Suzanne nodded. “It’s mechanizing a process I think that’s best left to nature.”

“Nature is uncaring,” Arak said. “We can do so much better, and we care.”

Suzanne shrugged. She wasn’t about to get into an argument. She started walking again.

“These are like the spheres you guys were in,” Perry said to Richard and Michael.

“No shit!” Richard said.

“Please!” Suzanne barked irritably at Richard. “I’m getting tired of the language you fellows seem compelled to use.”

“Sorry to offend your majesty,” Richard shot back.

“These containers are similar but not the same,” Arak said quickly. The last thing he wanted was any kind of an altercation in the spawning center.

Suzanne stopped abruptly and peered into one of the spheres. She was aghast at what she saw.

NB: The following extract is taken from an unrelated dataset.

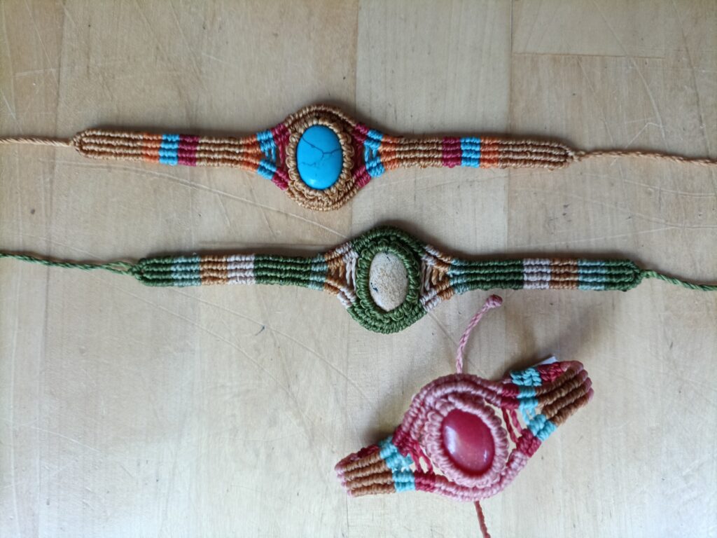 Deze blije armbanden heb ik geknoopt met polyester wax garen van 1 mm en de cabuchons zijn 1.8 bij 1 cm. Het knoopwerk is 14 cm en het breedste gedeelte is 3 cm. Voorzien van een verstelbare sluiting.
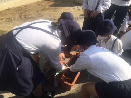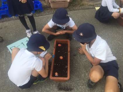 プランターに土を入れる時や球根を植える際には、4年生が中心となり、3年生と協力しながら作業を進めていました。

Inside was a child who looked at least two years old. “Why is this child still in the sphere?” she questioned.

“It’s perfectly normal,” Arak assured her.

“Normal?” Suzanne questioned. “At what age are they…” she struggled for the right word, “decanted?”

“We still say born,” Arak said. “Or, as a more technical term, we say emerge.”

“Whatever,” Suzanne said. Seeing the child imprisoned in the fluid-filled sphere made her shiver with nausea. It seemed so cold, calculating, and cruel. “At what age are the children freed?”

“Preferably not until four,” Arak said. “We wait until the brain is mature enough to receive the mindprint. We also don’t want the brain cluttered with unorganized natural input any more than necessary.”

Suzanne exchanged a look with Perry.

“Come!” Sufa called out. She beckoned them over. “There’s an emergence imminent. I’ve tried to delay it as much as possible; you’ll have to hurry.” Sufa turned and darted back in the direction she’d come.

Arak urged the group to follow with the intent of passing quickly through a room he called the imprinting room in order to get to the emergence room beyond. But Suzanne faltered on the imprinting room threshold taken aback by the spectacle.

The room was a quarter the size of the gestation room. Instead of sealed spheres with embryos the space was filled with transparent tanks containing angelic-looking four-year-olds. Each child was suspended in fluid but in a fixed position. Umbilical cords and placentas were still present despite the children’s relatively advanced ages.

“I’m not sure I want to see this,” Suzanne said as Arak gently prodded her.